Additionally, in the last few years, conferences in Programming Languages and Software Engineering have been pushing for more standardization of code-sharing and repeatability of results through Artifact Evaluation Committees. There is a comprehensive summary of Artifact Evaluation in our field here. (In fact, Jean is co-chairing the POPL 2017 AEC with Stephen Chong.) According to the site, artifacts are evaluated according to the following criteria:
  • Consistent with the paper. Does the artifact substantiate and help to reproduce the claims in the paper?
  • Complete. What is the fraction of the results that can be reproduced?
  • Well documented. Does the artifact describe and demonstrate how to apply the presented method to a new input?
  • Easy to reuse. How easy is it to reuse the provided artifact? 
The most detailed documentation is associated with the AEC for OOPSLA 2013, where 50 papers were accepted, 18 artifacts passed evaluation, and 3 artifacts were rejected. For PLDI 2014, 20 of of 50 papers submitted artifacts and 12 passed. By PLDI 2015, 27 papers (out of 52) had had approved artifacts. Even POPL, the “theoretical” PL conference, had 21 papers with approved artifacts by 2016.
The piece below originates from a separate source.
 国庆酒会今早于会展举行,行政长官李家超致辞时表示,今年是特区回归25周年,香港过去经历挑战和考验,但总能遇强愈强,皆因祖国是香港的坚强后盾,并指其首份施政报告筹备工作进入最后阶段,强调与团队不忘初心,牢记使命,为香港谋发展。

For those wondering why more artifacts are not passing yet, here is a transcribed discussion by Edward Yang from PLDI 2014. The biggest takeaways are that 1) many people care about getting the community to share reproducible and reusable code and 2) it takes time to figure out the best ways to share research code. (That academia’s job is not to produce shippable products, as Sam pointed out on Twitter, is the subject of a longer conversation.)

While it’s going to take time for us to develop practices and standards that encourage reproducibility and reusability, we’ve already seen some improvements. Over the years, Artifact Evaluation has become more standardized and committees have moved towards asking researchers to package code in VMs if possible to ensure long-term reproducibility. Here are the latest instructions for authors.
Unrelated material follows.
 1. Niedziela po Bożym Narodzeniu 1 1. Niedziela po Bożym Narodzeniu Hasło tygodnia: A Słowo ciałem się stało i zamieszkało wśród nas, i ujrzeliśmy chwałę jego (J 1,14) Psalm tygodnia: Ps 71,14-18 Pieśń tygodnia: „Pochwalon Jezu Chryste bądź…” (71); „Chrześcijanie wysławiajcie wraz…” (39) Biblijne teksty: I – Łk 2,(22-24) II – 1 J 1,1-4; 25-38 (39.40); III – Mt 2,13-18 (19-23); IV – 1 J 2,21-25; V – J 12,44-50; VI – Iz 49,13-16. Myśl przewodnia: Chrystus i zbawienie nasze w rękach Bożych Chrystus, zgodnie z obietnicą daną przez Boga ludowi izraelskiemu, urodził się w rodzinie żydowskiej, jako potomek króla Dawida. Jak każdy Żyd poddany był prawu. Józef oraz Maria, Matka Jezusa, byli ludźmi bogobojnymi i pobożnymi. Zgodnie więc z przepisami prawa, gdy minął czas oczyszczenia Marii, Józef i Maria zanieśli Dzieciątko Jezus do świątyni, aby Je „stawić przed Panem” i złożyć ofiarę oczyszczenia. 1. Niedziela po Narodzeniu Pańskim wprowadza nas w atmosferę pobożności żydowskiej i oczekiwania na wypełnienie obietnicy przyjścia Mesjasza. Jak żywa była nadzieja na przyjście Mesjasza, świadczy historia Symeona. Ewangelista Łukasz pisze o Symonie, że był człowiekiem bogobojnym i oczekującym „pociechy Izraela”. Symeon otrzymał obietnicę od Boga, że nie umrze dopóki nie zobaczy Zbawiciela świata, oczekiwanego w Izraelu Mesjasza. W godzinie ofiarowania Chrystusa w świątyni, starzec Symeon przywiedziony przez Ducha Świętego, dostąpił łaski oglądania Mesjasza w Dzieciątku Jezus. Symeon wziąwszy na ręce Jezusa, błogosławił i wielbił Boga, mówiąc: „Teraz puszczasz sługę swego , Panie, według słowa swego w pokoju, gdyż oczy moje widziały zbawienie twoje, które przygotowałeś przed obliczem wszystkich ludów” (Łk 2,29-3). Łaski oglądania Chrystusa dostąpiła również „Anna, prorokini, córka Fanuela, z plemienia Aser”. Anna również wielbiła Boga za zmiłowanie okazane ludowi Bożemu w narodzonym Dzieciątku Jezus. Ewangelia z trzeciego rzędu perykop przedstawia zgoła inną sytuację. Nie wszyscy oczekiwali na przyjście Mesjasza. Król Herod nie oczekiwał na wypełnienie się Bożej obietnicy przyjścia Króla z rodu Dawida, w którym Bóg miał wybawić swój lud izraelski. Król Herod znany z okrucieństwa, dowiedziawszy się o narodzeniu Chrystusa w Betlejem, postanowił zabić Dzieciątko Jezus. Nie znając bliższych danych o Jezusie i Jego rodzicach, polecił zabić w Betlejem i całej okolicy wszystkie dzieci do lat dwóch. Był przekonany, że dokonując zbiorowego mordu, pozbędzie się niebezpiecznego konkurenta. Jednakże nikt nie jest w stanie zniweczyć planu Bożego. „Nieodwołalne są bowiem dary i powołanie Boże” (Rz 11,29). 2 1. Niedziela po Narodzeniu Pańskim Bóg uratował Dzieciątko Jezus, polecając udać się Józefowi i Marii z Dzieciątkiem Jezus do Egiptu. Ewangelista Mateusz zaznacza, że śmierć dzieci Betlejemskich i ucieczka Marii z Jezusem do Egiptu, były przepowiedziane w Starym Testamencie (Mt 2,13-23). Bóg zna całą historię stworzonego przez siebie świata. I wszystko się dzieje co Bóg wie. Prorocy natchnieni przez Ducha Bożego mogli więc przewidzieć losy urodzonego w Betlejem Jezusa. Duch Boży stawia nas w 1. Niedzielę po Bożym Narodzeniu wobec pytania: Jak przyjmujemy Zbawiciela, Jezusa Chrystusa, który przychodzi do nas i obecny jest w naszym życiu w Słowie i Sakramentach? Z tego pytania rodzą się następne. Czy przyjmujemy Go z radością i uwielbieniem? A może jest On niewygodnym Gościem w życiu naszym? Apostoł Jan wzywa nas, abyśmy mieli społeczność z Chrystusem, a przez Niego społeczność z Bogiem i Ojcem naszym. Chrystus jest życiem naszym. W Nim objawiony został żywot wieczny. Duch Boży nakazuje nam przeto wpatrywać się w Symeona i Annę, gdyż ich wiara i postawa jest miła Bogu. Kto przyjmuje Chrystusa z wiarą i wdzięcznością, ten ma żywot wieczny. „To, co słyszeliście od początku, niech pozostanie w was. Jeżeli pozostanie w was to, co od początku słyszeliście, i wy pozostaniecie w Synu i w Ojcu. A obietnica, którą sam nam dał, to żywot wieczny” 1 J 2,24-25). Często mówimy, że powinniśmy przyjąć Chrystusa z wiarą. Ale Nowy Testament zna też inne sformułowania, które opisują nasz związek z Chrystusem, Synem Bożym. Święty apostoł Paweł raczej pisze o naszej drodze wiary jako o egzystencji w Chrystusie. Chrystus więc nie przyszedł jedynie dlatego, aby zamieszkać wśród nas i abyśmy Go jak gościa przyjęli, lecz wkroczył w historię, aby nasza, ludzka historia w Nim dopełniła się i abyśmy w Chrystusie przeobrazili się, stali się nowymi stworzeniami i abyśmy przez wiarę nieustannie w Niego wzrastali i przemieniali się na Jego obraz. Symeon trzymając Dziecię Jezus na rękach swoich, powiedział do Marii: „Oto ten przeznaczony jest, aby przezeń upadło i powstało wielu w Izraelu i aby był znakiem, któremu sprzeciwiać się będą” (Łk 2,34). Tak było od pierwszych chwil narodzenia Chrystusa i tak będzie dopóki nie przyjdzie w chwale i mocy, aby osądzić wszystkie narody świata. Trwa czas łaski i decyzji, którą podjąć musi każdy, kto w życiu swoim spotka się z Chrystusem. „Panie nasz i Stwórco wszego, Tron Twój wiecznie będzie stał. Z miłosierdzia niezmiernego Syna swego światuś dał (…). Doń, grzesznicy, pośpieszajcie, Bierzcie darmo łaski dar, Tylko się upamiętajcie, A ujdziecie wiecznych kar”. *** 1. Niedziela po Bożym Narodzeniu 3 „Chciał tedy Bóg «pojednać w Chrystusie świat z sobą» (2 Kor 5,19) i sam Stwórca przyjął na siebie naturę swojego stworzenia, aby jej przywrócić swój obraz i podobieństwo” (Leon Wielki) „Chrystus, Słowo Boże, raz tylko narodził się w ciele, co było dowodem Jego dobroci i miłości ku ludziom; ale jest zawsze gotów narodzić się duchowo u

Yes, we can always do better to push towards making all of our papers and code available and reusable. Yes, researchers can do better in helping bridge the communication gap between academia and industry--and this is something we've both worked at. But the evidence shows that the academic community is certainly sharing our code--and that we’ve been doing a better job of it each year.

Note: It would be really cool if someone did a survey of individual researchers. As Sam pointed out on Twitter, many of our colleagues use GitHub or other social version control and push their code even before the papers come out.

--

UPDATE! Here is a survey for academics to report on how we share code. Please fill it out so we can see what the numbers are like! Thanks to Emery Berger, Professor at UMass Amherst, for conducting the survey.

Related update. Some conversations with others reminded me that the times I haven't shared my code, it has been because I was collaborating with companies and corporate IP policies prevented me from sharing. (In fact, this was one of the reasons I preferred to stay in academia.) The survey above asks about this. I'm curious how the numbers come out.